# Extracted records
--- START ---

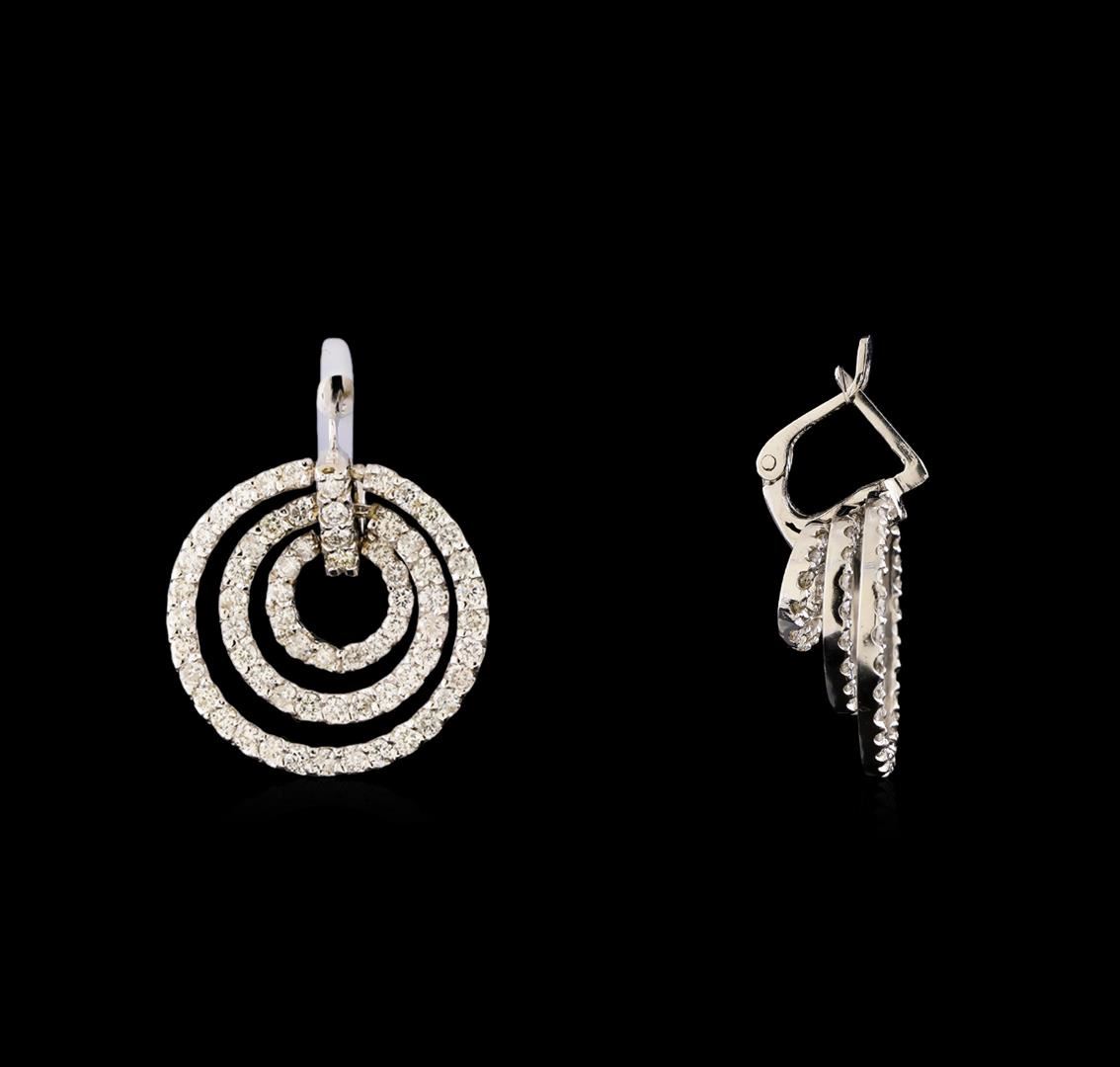 One pair electronically tested 14KT white gold ladies combination cast & assembled diamond earrings with hinged clip backs with a bright polish finish. Identified with markings of "14K". Condition is new. Containing: One Hundred Thirty-Two prong set round brilliant cut diamonds, measuring 1.80 - 1.80 x 1.08mm (depth est.) approximate total weight of 132 Stones = 2.81ct. Clarity: I-1 to I-2. Color: I - J, Cut is Good. All diamonds are graded in the mounting, unless otherwise stated. Total Weight of Diamonds 2.81ct. Total Weight of Earrings 9.70 grams. GGL Appraised at $7,100.00.
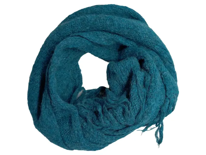 Schal Damen Alpaka Petrol 200x24 cm Fransen Meliert Casual
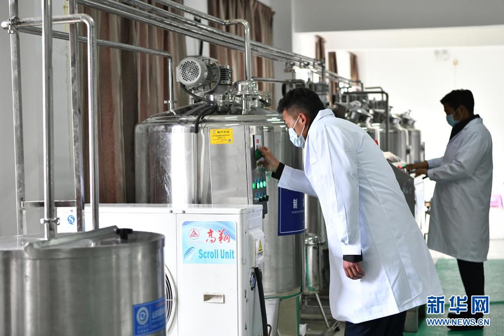 工作人员在西藏娘亚牦牛养殖产业发展有限责任公司的酸奶生产车间作业(7月28日摄)。
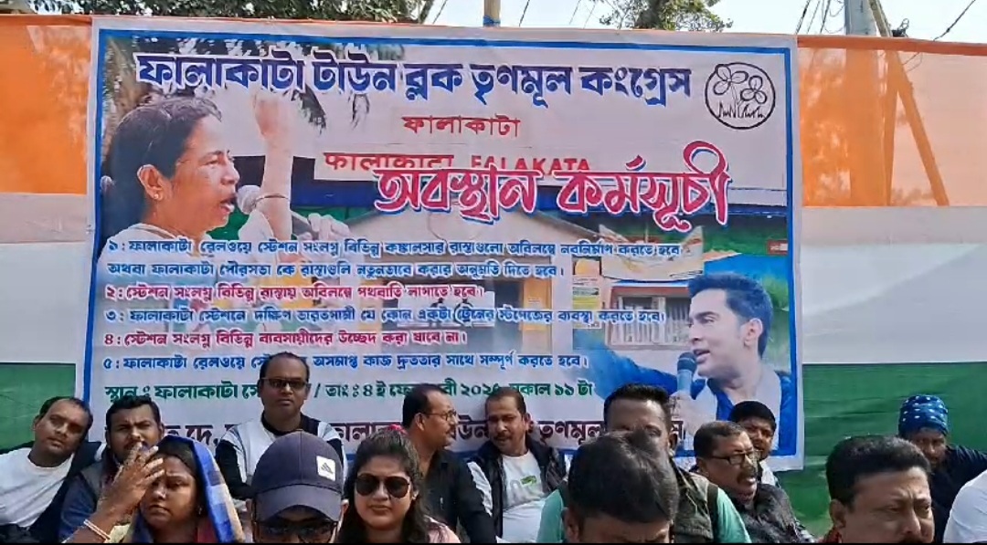 ফালাকাটা স্টেশন চত্তরে দিনভর অবস্থান বিক্ষোভ কর্মসূচি পালন করা হলো।
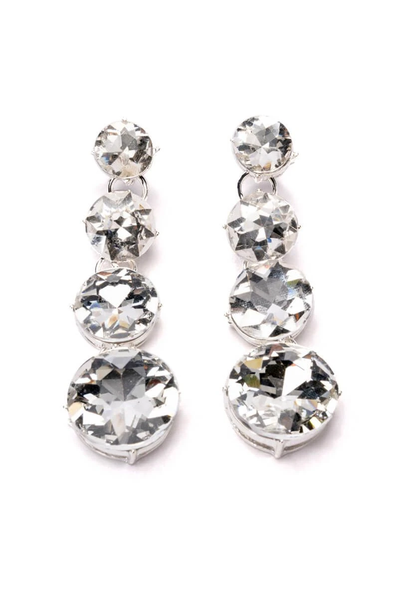 The AKIRA Label Better Believe Embellished Drop Earrings are made from a faux silver metal base and feature a drop silhouette with gem accents of increasing size. Complete with post back fastenings.
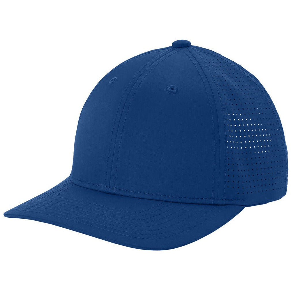 96/4 polyester/spandex Moisture-wicking Stretch-Tek sweatband technology for a comfortable fit Moisture-wicking fabric Laser cut ventilation in mid and back panels for breathability Curved bill with Pro-Cut sticker Iron Grey undervisor Sport-Tek branded taping Structured Mid-profile 7-position adjustable snapback closure
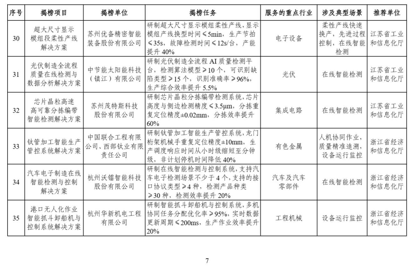 工业和信息化部办公厅市场监管总局办公厅关于印发2025年度智能制造系统解决方案“揭榜挂帅”项目名单的通知
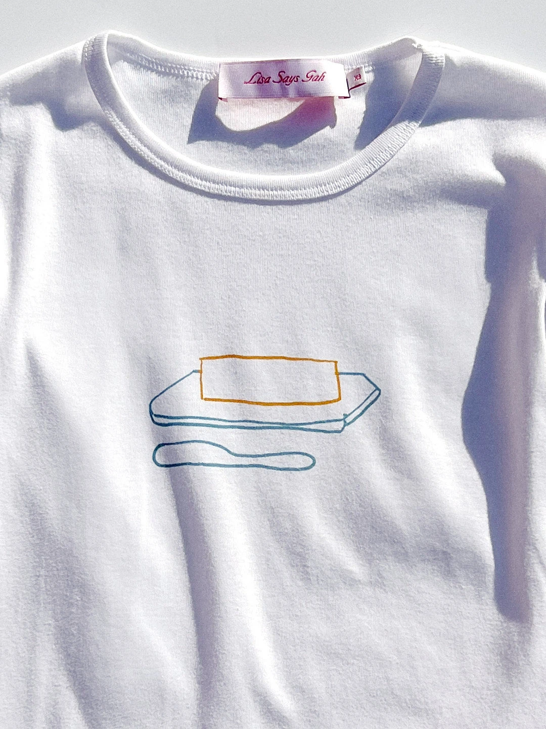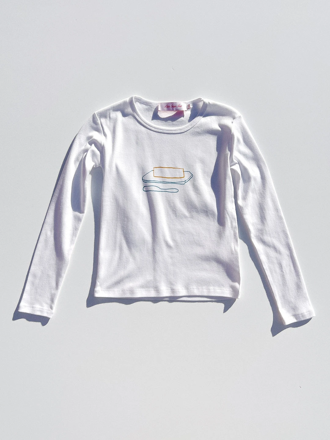 Our classic Dana Long Sleeve tee in our new print featuring a butter dish on the bust.
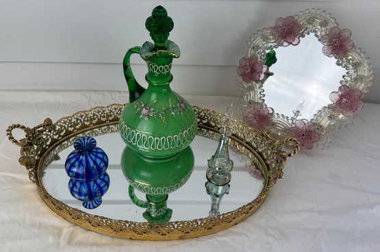 Notes: small perfume bottle has small chip on ribbon area
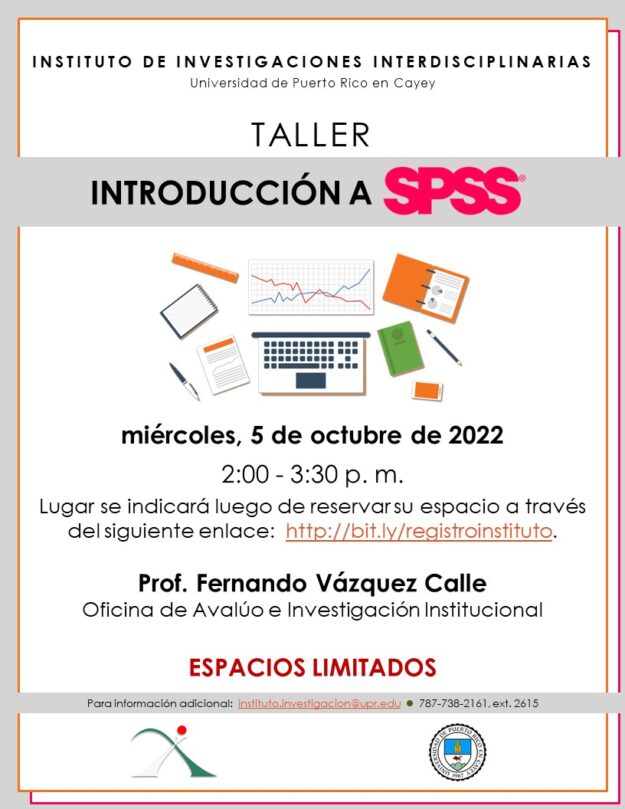 DetailsTaller para facultad y estudiantes de UPR-Cayey: Introducción a SPSS Modalidad: presencial Espacios limitados: http://bit.ly/registroinstituto
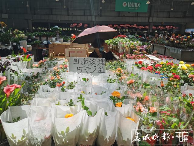 成捆的玫瑰、康乃馨、非洲菊、洋桔梗……
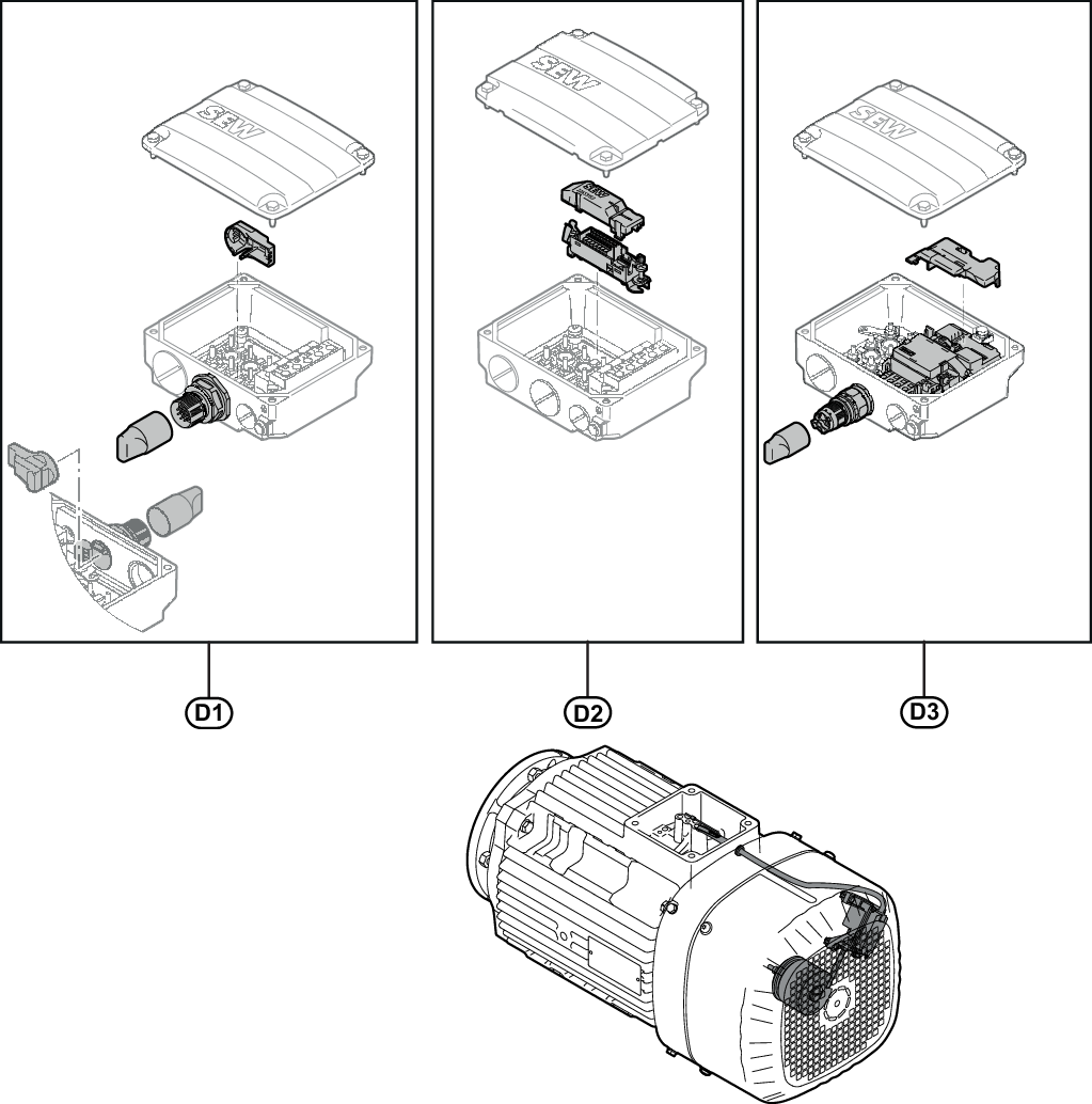 When using prefabricated cables from SEW‑EURODRIVE, you can order the encoders without a connection cover because this cover is part of the cable.
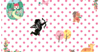 ピンクの水玉のコラージュは、 森の中でリスが抱えてるリンゴを、 密かに天使が狙ってる感じで作りまし...
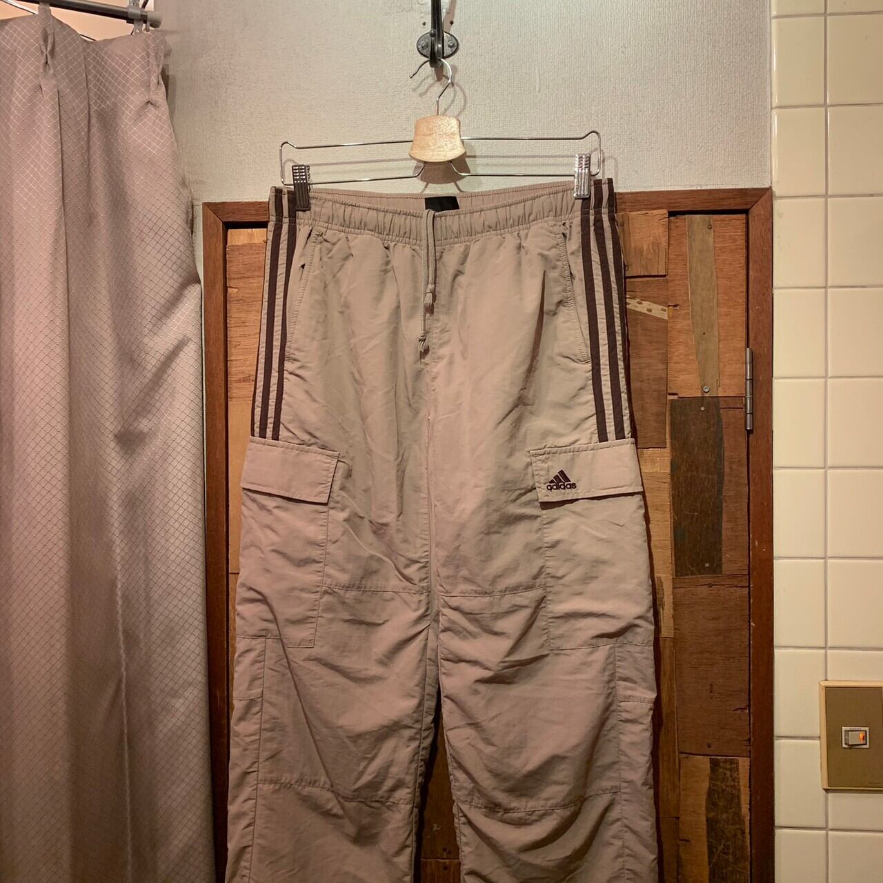 “adidas” 07’s beige nylon/poly line&logo design cargo pants

--- END ---

# Exercise aim
Return the material from the line containing "工作人员在西藏娘亚牦牛养殖产" through the line containing "工业和信息化部办公厅市场监管", exactly and in full, but without its pictures.

# Result
 工作人员在西藏娘亚牦牛养殖产业发展有限责任公司的酸奶生产车间作业(7月28日摄)。
 ফালাকাটা স্টেশন চত্তরে দিনভর অবস্থান বিক্ষোভ কর্মসূচি পালন করা হলো।
 The AKIRA Label Better Believe Embellished Drop Earrings are made from a faux silver metal base and feature a drop silhouette with gem accents of increasing size. Complete with post back fastenings.
 96/4 polyester/spandex Moisture-wicking Stretch-Tek sweatband technology for a comfortable fit Moisture-wicking fabric Laser cut ventilation in mid and back panels for breathability Curved bill with Pro-Cut sticker Iron Grey undervisor Sport-Tek branded taping Structured Mid-profile 7-position adjustable snapback closure
 工业和信息化部办公厅市场监管总局办公厅关于印发2025年度智能制造系统解决方案“揭榜挂帅”项目名单的通知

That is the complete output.